The 20 largest U.S. cities recorded month-over-month declines in home prices before seasonal adjustment in September, underscoring broad-based weakening as elevated mortgage rates weigh on affordability and demand.

“The housing market’s deceleration accelerated in September, with the National Composite posting just a 1.3 percent annual gain – the weakest performance since mid-2023,” says Nicholas Godec, CFA, CAIA,CIPM, head of fixed income tradables and commodities at S&P Dow Jones Indices, in the report. “This marks a continued slide from August’s 1.4 percent increase and represents a stark contrast to the double-digit gains that characterized the early post-pandemic era. National home prices continued trailing inflation, with September’s CPI running 1.7 percentage points ahead of housing appreciation. This marks the widest gap between inflation and home-price growth since the two measures diverged in June, with the spread continuing to widen each month.”

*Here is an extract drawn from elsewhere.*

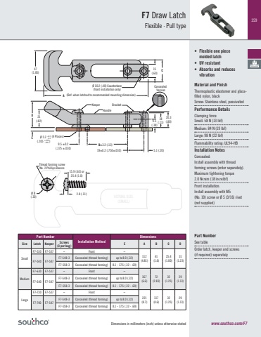 359Dimensions in millimeters (inch) unless otherwise statedACTUAL SIZE(SMALL)• Flexible one piece molded latch• UV resistant• Absorbs and reduces vibrationMaterial and FinishThermoplastic elastomer and glassfilled nylon, blackScre Stainless steel, passivatedPerformance Details Clamping forceSmall: 58 N (13 lbf) Medium: 84 N (19 lbf)Large: 98 N (22 lbf)Flammability rating: UL94-HBInstallation NotesConcealed:Install assembly with thread forming screws (order separately).Maximum tightening torque 2.0 Nm (18 inlbf) Front installation:Install assembly with M5 (No. 10) screw or Ø 5 (3/16) rivet (not supplied) F7 Draw LatchFlexible · Pull type47(1.85)21(.82)15(.60)18(.71)KeeperHandle(4 Places)Bracket20.3(.80)(Ref. when latched to recommended mounting dimension)Concealed Version9.5 ±0.2(.375 ±.010)Ø 10.2 (.40) Counterbore(front installation only)AB±3.2 (.13)DCØ 5.2 (.205 )+0.1-0.0 +.003-.00019±0.2 (.750±.010) 5.1 (.20)E9.5(.38)Ø 8 (.32)2.8 (.11)Thread forming screwNo. 2 Phillips Recess15.9 (.63) or25.4 (1.0)Part NumberInstallation Method Dimensions Size Latch Keeper Screws (3 per bag) E A B C DSmallF7-530 F7-537 ~ Front ~112(4.81)41(1.6)25.4(1.00)31(1.23) F7-540 F7-547 F7-548-3 Concealed (thread forming) up to 8.0 (.32)F7-558-3 Concealed (thread forming) 8.1 - 17.5 (.32 - .69)MediumF7-630 F7-537 ~ Front ~167(6.6)72(2.83)32(1.25)29(1.13) F7-640 F7-547F7-548-3 Concealed (thread forming) up to 8.0 (.32)F7-558-3 Concealed (thread forming) 8.1 - 17.5 (.32 - .69)LargeF7-730 F7-537 ~ Front ~221(8.7)117(4.6)32(1.25)29(1.13) F7-740 F7-547F7-548-3 Concealed (thread forming) up to 8.0 (.32)F7-558-3 Concealed (thread forming) 8.1 - 17.5 (.32 - .69)Part NumberSee tableOrder latch, keeper and screws (if required) separatelywww.southco.com/F7

“Regional performance reveals a tale of two markets,” Godec says. “Chicago continues to lead with a 5.5 percent annual gain, followed by New York at 5.2 percent and Boston at 4.1 percent. These Northeastern and Midwestern metros have sustained momentum even as broader market conditions soften.”

“At the opposite extreme, Tampa posted a 4.1 percent annual decline – the sharpest drop among tracked metros and its 11th consecutive month of negative annual returns,” he says. “Phoenix, Dallas, and Miami likewise remained in negative territory, highlighting particular 

weakness in Sun Belt markets that experienced the most dramatic pandemic-era price surges.”

“The geographic rotation is striking,” Godec adds. “Markets that were pandemic darlings – particularly in Florida, Arizona, and Texas – are now experiencing outright price declines. Meanwhile, traditionally stable metros in the Northeast and Midwest continue to post solid gains, suggesting a reversion to pre-pandemic patterns where job markets and urban fundamentals drive appreciation rather than migration trends and remote-work dynamics.”